All the same, as Mattias recovered from his daze, he realized that Metal was not winning the interchange – she was fighting entirely defensively, and her counters were intercepting less and less of Sorinne’s magic.
“Metal, run!” Mattias shouted, “Just get away!”
“Planeswalk and Mattias dies!” Sorinne half growled, half shrieked with strange inflection, ceasing her barrage for a moment “And do not think we will not find you wherever you hide.”
“Planeswalk?” Metal exclaimed. “Planeswalk…” For a second, Metal froze, her eyes snapping to some distant vista, and Sorinne began to cast another spell. Mattias recognized it – he may not have been studying red magic, but Metal had taught him enough of the basics – it was a ‘Shatter’ spell, or something else like it, intended to break an artifact into a million useless pieces.
The casting was only a split second, but before Mattias had even put together what the attack was, he was already moving with a spell of his own. He felt the essence of the deep waters, the distant islands flow through him, and as the rumble of Sorinne’s magic crossed the room, his own lashed out, and the spell became a momentary puddle of some mana-remnant, evaporating before it fell to the floor.
Sorinne looked at Mattias, her face expressing… horror? Grief? It was not what Mattias had expected to see.

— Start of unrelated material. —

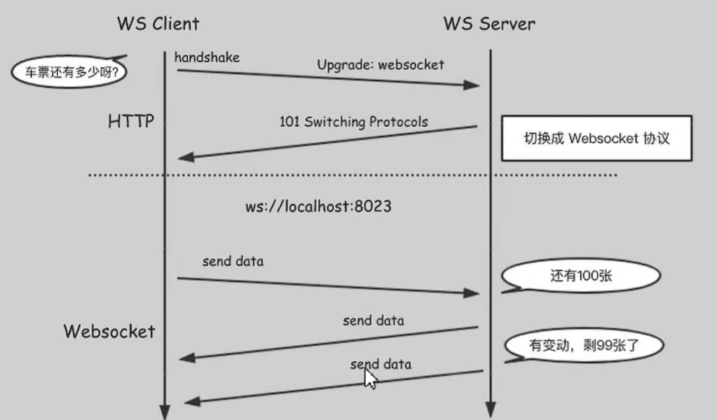 let soket = new WebSocket("ws://localhost:8889")浏览器链接服务器soket.send("hello server");客户端向服务器发消息 “hello server”socket.on("message")服务端监听到消息并触发回调,向客户端发送消息soket.onmessage客户端监听到服务端的相应,触发回调打印

At the same time, Metal snapped back to reality.
“So,” Metal said, confident and mixing anger with humor, “It seems I am a Planeswalker… Thank you for the information.”
Sorinne just remained fixed on Mattias.
“You shouldn’t have done that.” She said.

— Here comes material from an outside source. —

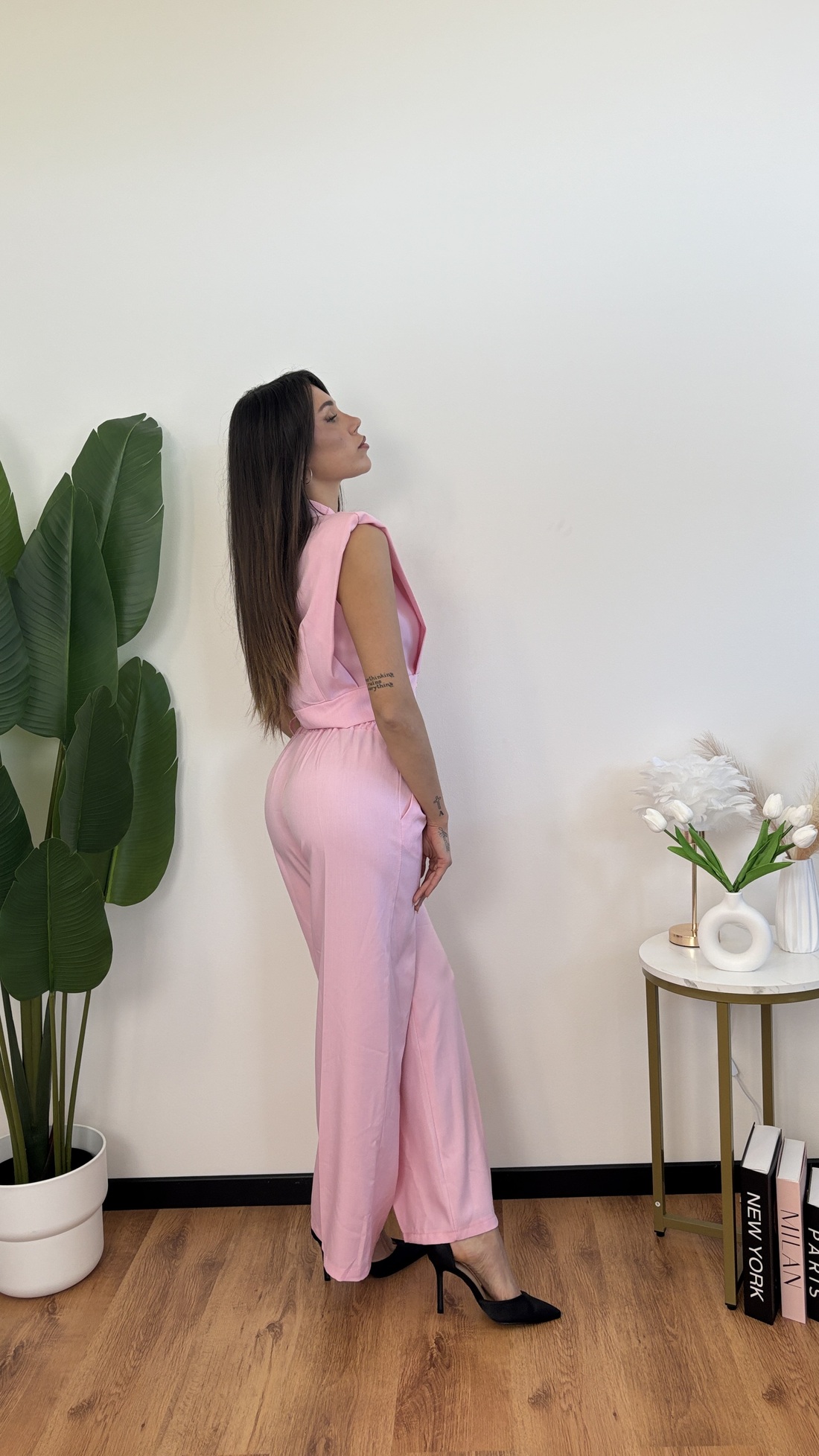 Completo a due pezzi composto da: gilet con bottoni oro e pantaloni a palazzo.

A wave of black magic surged out from her, though Mattias was not able to see it coming. He held out his hands, trying to ready another counter, but he had nothing left! He had hardly caught his breath, much less prepared himself for a magician’s duel. Metal reached out too, but too slow – the magic struck him, and his vision darkened, his world filled with nightmares and the pestilent stench of rot.
Then, it all vanished. Mattias was in a space that was like nothing he had ever experienced. He could not see, nor could he hear, nor even feel, but there were senses analogous to them, that told him that the space was screaming without sound, that there was darkness there and also substance to perceive though it had neither light nor matter.
Was this death?
No… it was something else. He looked around with his not-sight and saw the points of ‘light’ in the void. He felt like he could reach out and touch them – no, enter them.
Those were worlds!
On one of them, he realized, Metal and Sorinne were probably still fighting, but which one? He couldn’t discern where he’d come from, and while there was a sense of near or far what was to say he had not been thrown far in the first place. He had to figure it out!
Or did he?
Sorinne had threatened his life to coerce Metal into staying in the fight. As long as he wasn’t there, she could escape, and whatever had happened to him, he still wasn’t ready to be of much use against Sorinne. Metal’s best chance, he realized, was if he stayed away.
There were enough worlds, he thought, that any one wasn’t likely to send him back into the fight. He reached out to one of them, and dropped in.